Operation Tribute to Freedom

OTF Soldier Story for March 22, 2010 - Staff Sgt. Delbert Draper

Staff Sergeant Delbert Draper

Current Unit: 1848th Medical Detachment
Current Position: Preventive Medicine Noncommissioned Officer
Component: Army Reserve
Current Location: Anchorage, Alaska
Hometown: Dayton, Ky.
Years of Service: 28

As a preventative medicine Noncommissioned Officer, Staff Sgt. Delbert Draper has a proactive response to medicine.
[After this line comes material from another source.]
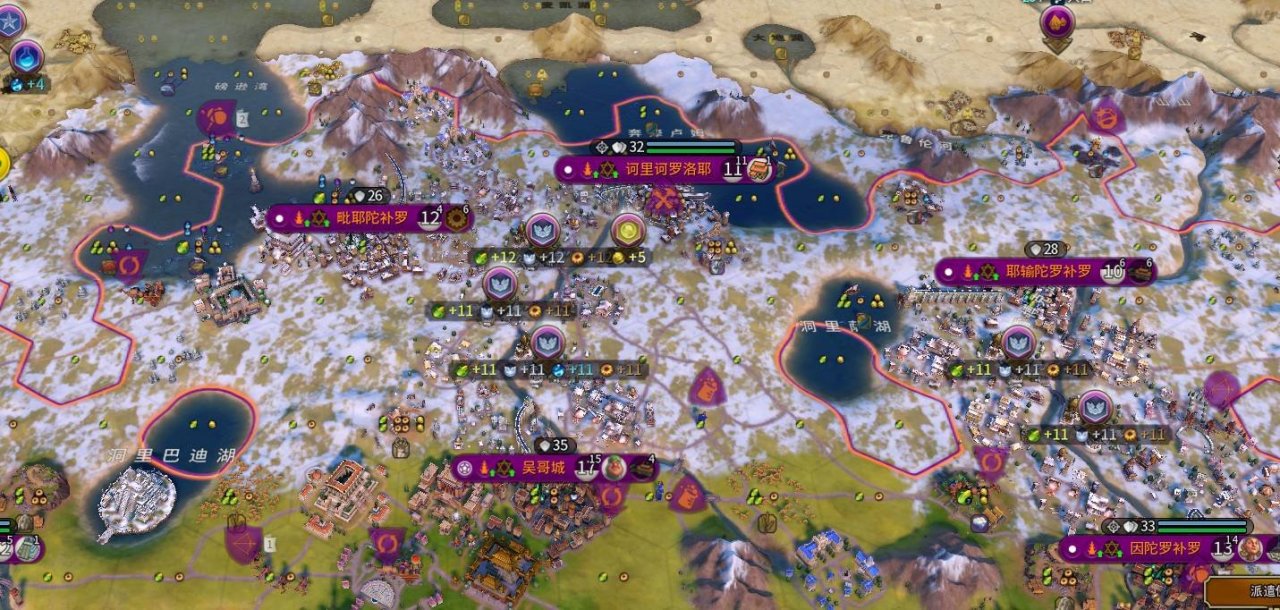 【淡水资源】:游戏中,城市市中心靠近河流、湖泊、沙漠绿洲等自然环境时,城市可获得淡水住房加成(河流+2,湖泊+1)。水渠可以从山脉上获取淡水资源。

Rather than responding to injuries or illnesses sustained in theater, he worked to prevent the ailments all together during his deployment to Iraq in 2008-2009.. By providing clean drinking water and instructing proper food preparation, he ensured the safety and health of more than 70,000 Soldiers, civilians and contractors at the Victory Base Complex in Baghdad.
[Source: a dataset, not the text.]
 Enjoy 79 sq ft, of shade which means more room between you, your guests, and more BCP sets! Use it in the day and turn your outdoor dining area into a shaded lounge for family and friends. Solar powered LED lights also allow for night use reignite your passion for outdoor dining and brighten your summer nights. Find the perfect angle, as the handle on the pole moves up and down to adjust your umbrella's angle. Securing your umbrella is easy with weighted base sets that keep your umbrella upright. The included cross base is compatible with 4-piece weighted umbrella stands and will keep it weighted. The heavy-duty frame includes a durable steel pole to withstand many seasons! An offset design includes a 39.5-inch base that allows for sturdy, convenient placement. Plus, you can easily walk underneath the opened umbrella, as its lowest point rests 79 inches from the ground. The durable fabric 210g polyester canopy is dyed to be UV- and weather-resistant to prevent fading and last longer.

Although a unique component of the Army medical field, preventive medicine is integral to maintaining the health and well-being of all Army Soldiers and personnel.

”The medics do a great job and are very professional, but they have a very specific field and are tied to a specific unit. We cared for everybody and were concerned with more than 70,000 people.” he said. “If we do our job right, no one requires patient care,”
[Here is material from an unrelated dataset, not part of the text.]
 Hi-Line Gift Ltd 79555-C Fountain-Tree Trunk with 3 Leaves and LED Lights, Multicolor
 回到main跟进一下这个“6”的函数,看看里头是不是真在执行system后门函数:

During his deployment to Iraq in 2008-2009, he served as a team leader and was responsible for leading more than a dozen Soldiers on a daily basis. Draper was especially proud of bringing his detachment home safely, without any injuries or illnesses, something especially important given his field.

However, one challenge that Draper and his team faced throughout the deployment was the rapid rate of change.

“In preventative medicine, the best practice is a consistent practice,” explaining that when you cook food the same way and when you treat water the same way, it significantly reduces health risk.

Draper was in Iraq during the drawdown of U.S. troops in Baghdad and other Iraqi cities on June 1, 2009, and with so many changes taking place throughout the region, he said it was hard to encourage consistency despite the transitions.

Prior to his deployment last year, Draper deployed to Kosovo in 2005 and was responsible for preventative medicine during that time as well. While in Kosovo, his son, who also served in the Army, was deployed to Iraq for the second time.

With more than two decades of service prior to his deployments, Draper could have chosen to retire and not serve overseas. However, he was committed to serving his country in a time of war.

“I thought I had a moral obligation to go. I believe on a day-to-day basis, the Army doesn’t pay the Soldier for the work they do. The Army is really paying you for times of war, and I had never gone to war before. They have treated me well for the past 25 years, and I wanted to put my training to use,” he said.

In addition to his responsibilities as an Army Reserve Soldier, Draper also works as a civilian for the Army leading public health education and training programs. Draper currently resides in Anchorage, Alaska, with his wife, but travels monthly to Seattle, Wash., to complete training with his unit. With more than 28 years of service in the Army, Draper hopes to retire within the next year so that he and his wife will be able to move closer to their children and grandkids.